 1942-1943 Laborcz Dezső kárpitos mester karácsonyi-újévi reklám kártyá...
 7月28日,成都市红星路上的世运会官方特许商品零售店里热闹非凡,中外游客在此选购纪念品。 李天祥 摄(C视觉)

--*--

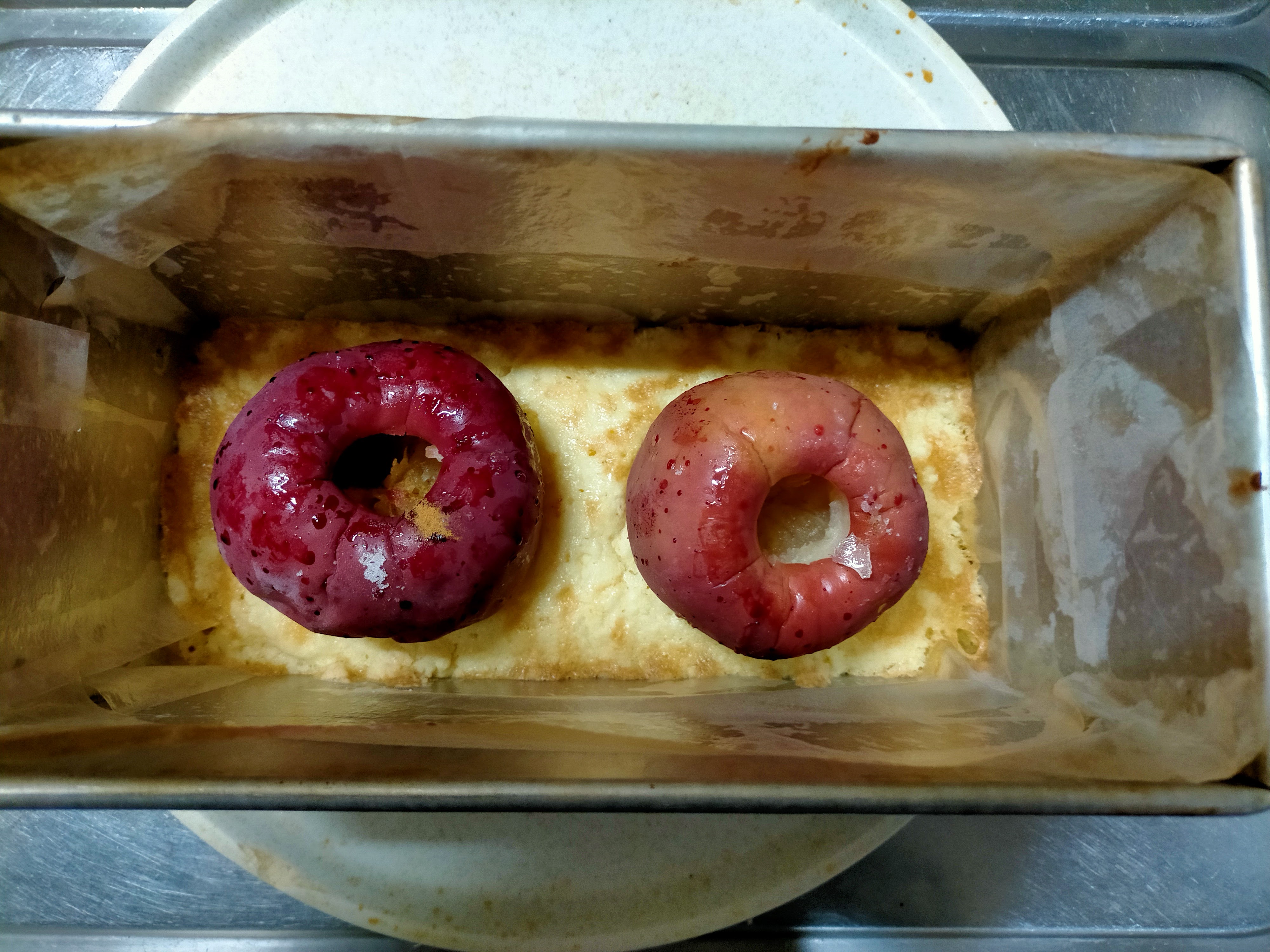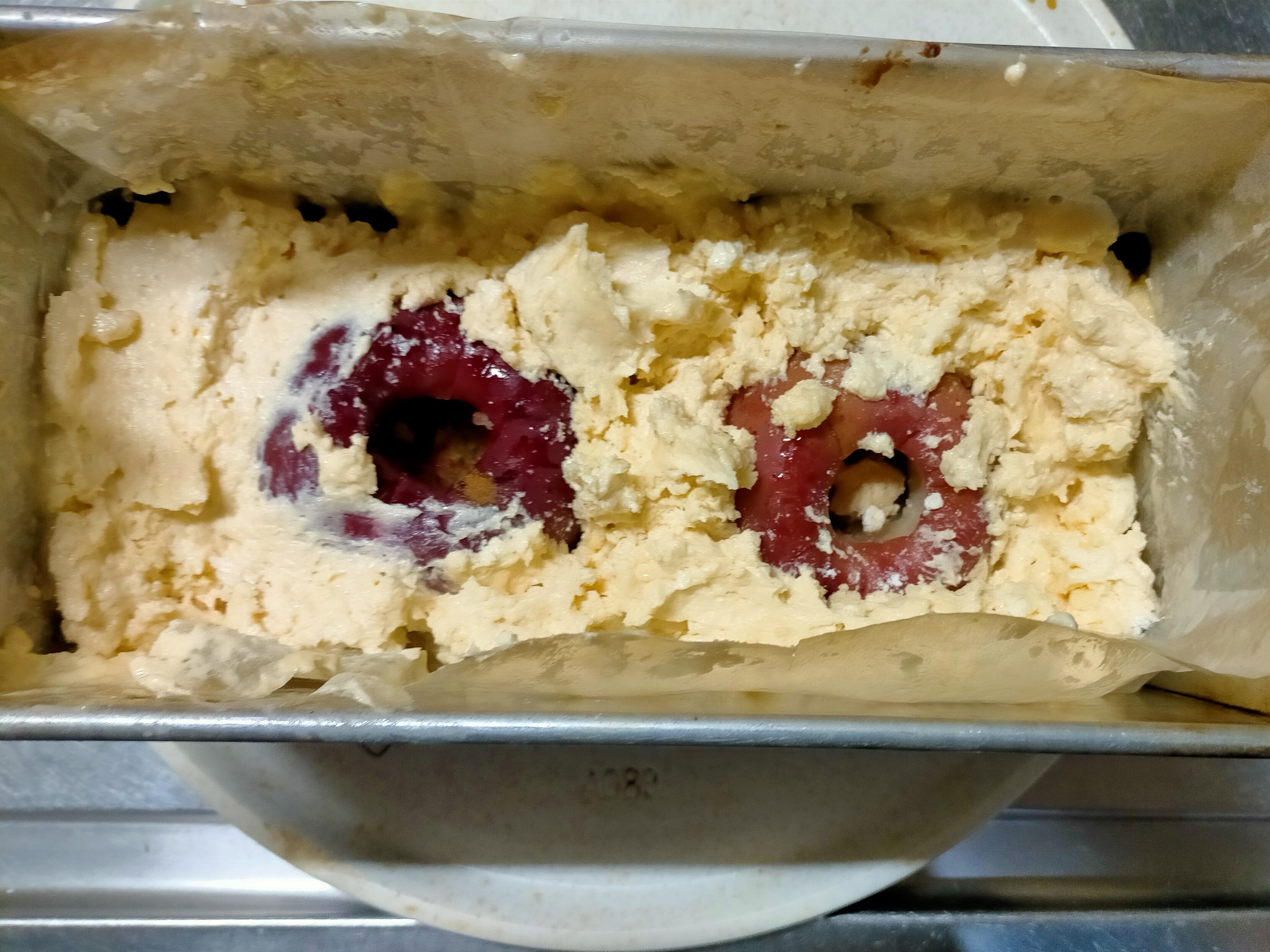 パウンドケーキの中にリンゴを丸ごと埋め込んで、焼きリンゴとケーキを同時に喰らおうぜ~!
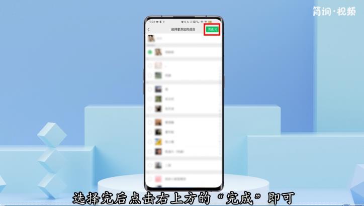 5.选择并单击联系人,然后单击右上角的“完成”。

--*--

▶ _WHAT YOU SHOULD DO_
Produce only the lines from the line containing "1942-1943 Laborcz Dezső" through the line containing "7月28日,成都市红星路上的世运会官方特许商品零售店里热闹非凡,中外游客在此选购纪念品。 李天祥 摄(C视觉)", inclusive of both, exactly as they stand in the entries above.

▶ _EXERCISE RESULT_
 1942-1943 Laborcz Dezső kárpitos mester karácsonyi-újévi reklám kártyá...
 7月28日,成都市红星路上的世运会官方特许商品零售店里热闹非凡,中外游客在此选购纪念品。 李天祥 摄(C视觉)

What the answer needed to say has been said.